Minha mãe era uma baita de uma cozinheira. Seus doces, caracteristicamente sempre bem curados, de batata doce, banana, mamão verde, marmelo, goiaba, laranja, entre outras frutas, eram antológicos. No almoço, o indefectível arroz com feijão, acompanhado de verduras da horta doméstica e a “mistura”, a depender das disponibilidades. Esta podia consistir de carne de vaca (não sei por que não se dizia de boi), adquirida no açougue da “fábrica” (sempre ela!), porco, frango ou pato do “terreiro”. Não me recordo de caça (e olha que o Ibama ainda nem existia!) e peixe, era pouco comum. O açúcar, o sal, pimenta do reino, arroz, feijão, macarrão eram adquiridos na cantina da “fabrica” e consumiam a quase totalidade do salário mensal de meu pai.
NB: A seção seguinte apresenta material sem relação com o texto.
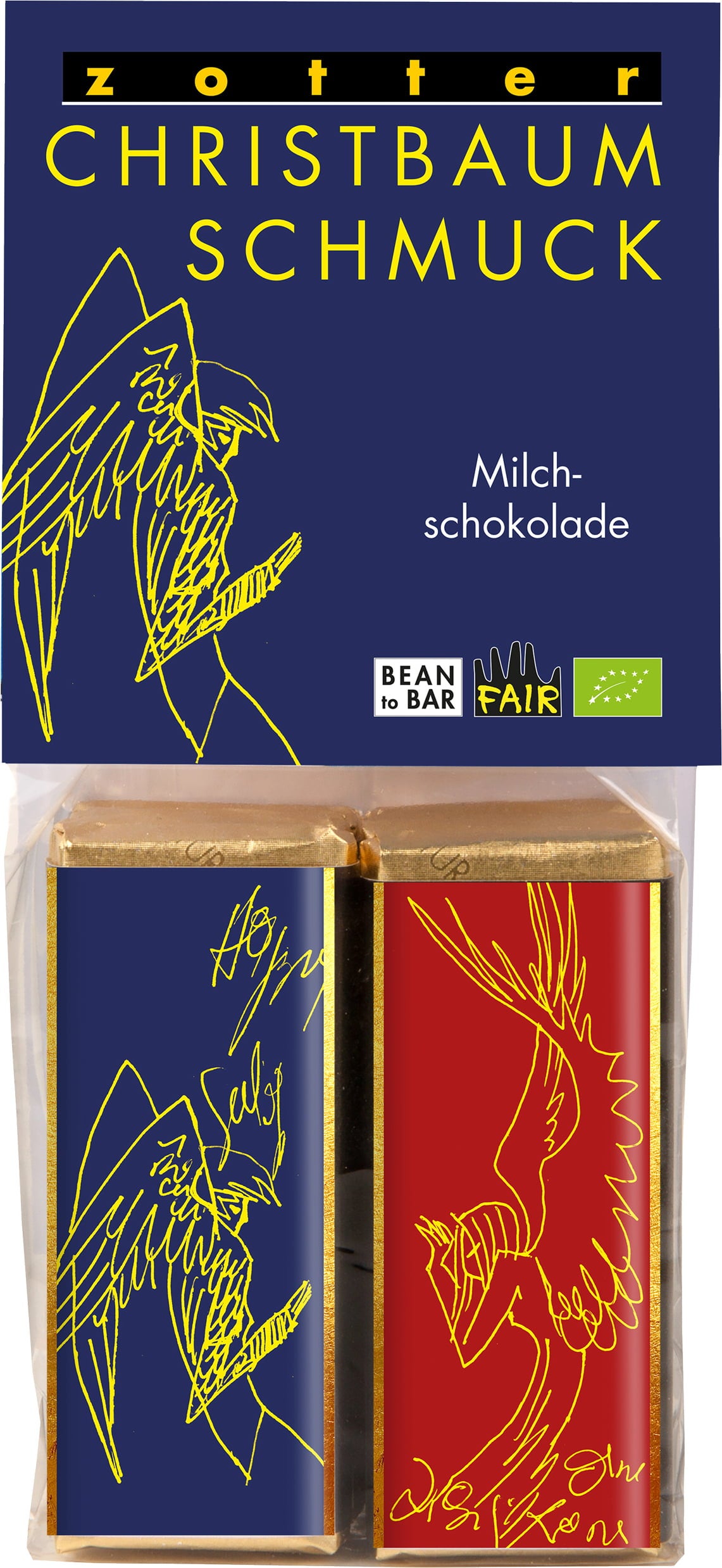 Zotter Schokolade Bio Nashis ozdoby na vánoční stromeček z mléčné čokolády, 80 g

Todos os meses se fazia “a compra”.  Uma lista era escrita por um dos irmãos, acatando as determinações materna, que podiam receber adendos paterno ou filiais. Afora o básico já citado, meu pai fazia questão incluir um ou dois pacotes de cigarros de papel (não dos mais caros!) e uma ou duas garrafas de cachaça, tudo para ser consumido em casa. Às vezes tinha até bacalhau verdadeiro! Lembro-me ainda das manjubas (peixinho salgado) e do “mulato velho”, peixe salgado das costas brasileiras, que era uma espécie de bacalhau de pobre. No almoço dominical degustava-se frango assado de forno com macarronada. Vinho e guaraná só nas grandes festas, como batizados e Natal. Nesta data a “fábrica” costumava distribuir, para seus empregados e dependentes, “cestas de Natal”, que traziam guloseimas incomuns ao longo do ano. Os vinhos costumavam ser “jóias” da enologia brasileira, como ”Sangue de Boi” e “Gatão”.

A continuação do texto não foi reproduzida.